Johnson County sales tax election finalized
Tax increase will go to voters Nov. 4
IOWA CITY — The final pieces of the local-option sales tax vote slated for Johnson County this fall are now in place.
The county’s Board of Supervisor voted 4-1 Wednesday in support of a resolution setting the election for Nov. 4 and putting a 10-year limit on the tax, if it’s approved.
Now it will be up to Johnson County voters to decide whether they want to increase the sales tax to 7 percent from the current 6 percent, bringing up to $20 million a year more to local governments.
Iowa City called for the vote, which it has the power to do because of its population. But the supervisors had the discretion to set the number of years the tax would be collected, known as the sunset.
Ten years is what Iowa City called for, and if a majority of voters cast ballots in favor of the tax, it would be in effect from July 1, 2015, through June 2025.
Towns and the county get to decide what their portions of the tax revenue would be used on.
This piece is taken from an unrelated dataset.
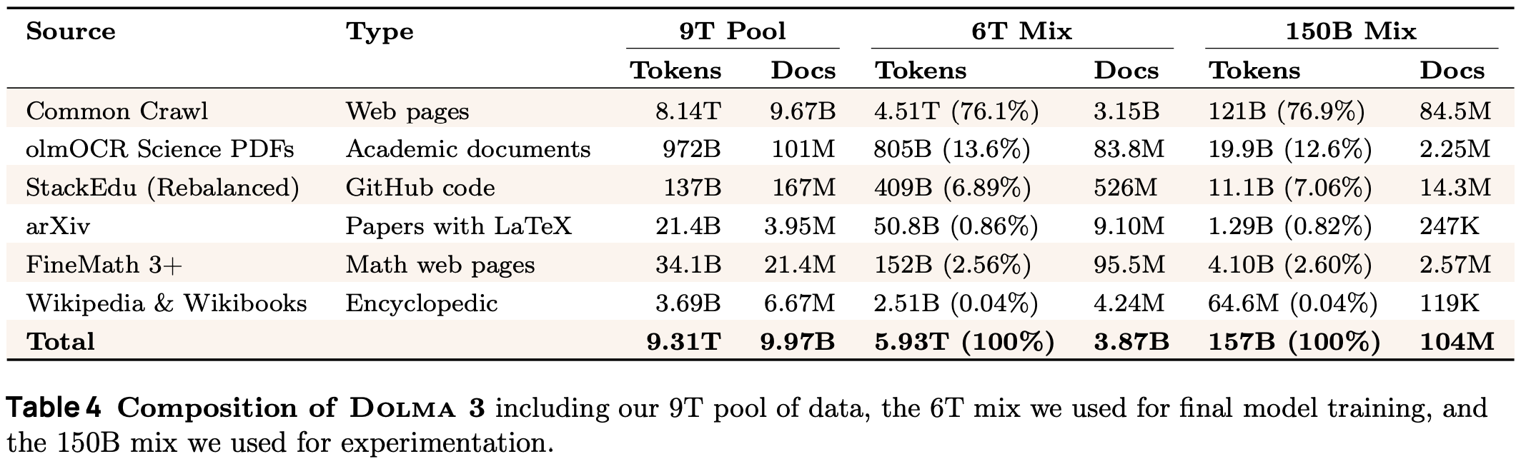 Mixing approach. The full Dolma 3 pool contains 9T tokens, but we must mix and sample this pool—under the constraint of the total number of tokens we want to use for training (i.e., 6T for Olmo 3)—to create the best possible pretraining corpus. As shown in the table above, Dolma 3 is partitioned into groups by type, and we must determine the optimal mixing ratio for each of these groups. The strategy for determining the best data mixture in [1] has two components:

The ballot language for each community also is now finalized, and those can be found on the Johnson County Auditor’s website.
If a 1 percent local-option sales tax had been in place for the entire county in fiscal year 2013, about $18.8 million would have been collected, with Iowa City getting the largest share, according to the Iowa Department of Revenue.
Communities plan to use the tax revenue for everything from property tax relief to road repairs to any lawful purpose.
Iowa City, Coralville, North Liberty, University Heights and Tiffin will vote as one unit because they share borders. The unincorporated county and the other small towns vote individually.
The tax has frayed relations between local officials. Some Coralville leaders have said the distribution formula doesn’t adequately compensate the city for its retail prowess.
Coralville and North Liberty officials harshly criticized a supervisors’ proposal, later rescinded, that would have shortened the length of the tax in communities that didn’t contribute to a courthouse project. And the supervisors responded in kind and also have accused Iowa City of a lack of communication.
Even Wednesday, none of the five supervisors spoke too favorably of the tax. Supervisor Janelle Rettig cast the dissenting vote on the election resolution, saying sales taxes hurt lower-income people the most.
Supervisor Rod Sullivan said he agreed with Rettig but felt Iowa City should get their wish for a 10-year sunset.
“I am opposed to the sales tax, and I’m going to vote against the sales tax, but I think the 10-years’ piece should be the city’s call,” he said.
He joined Rettig in voting against the county’s plan to use 90 percent of the sales tax revenue on roads and bridges and 10 percent on the courthouse and court needs. It passed 3-2.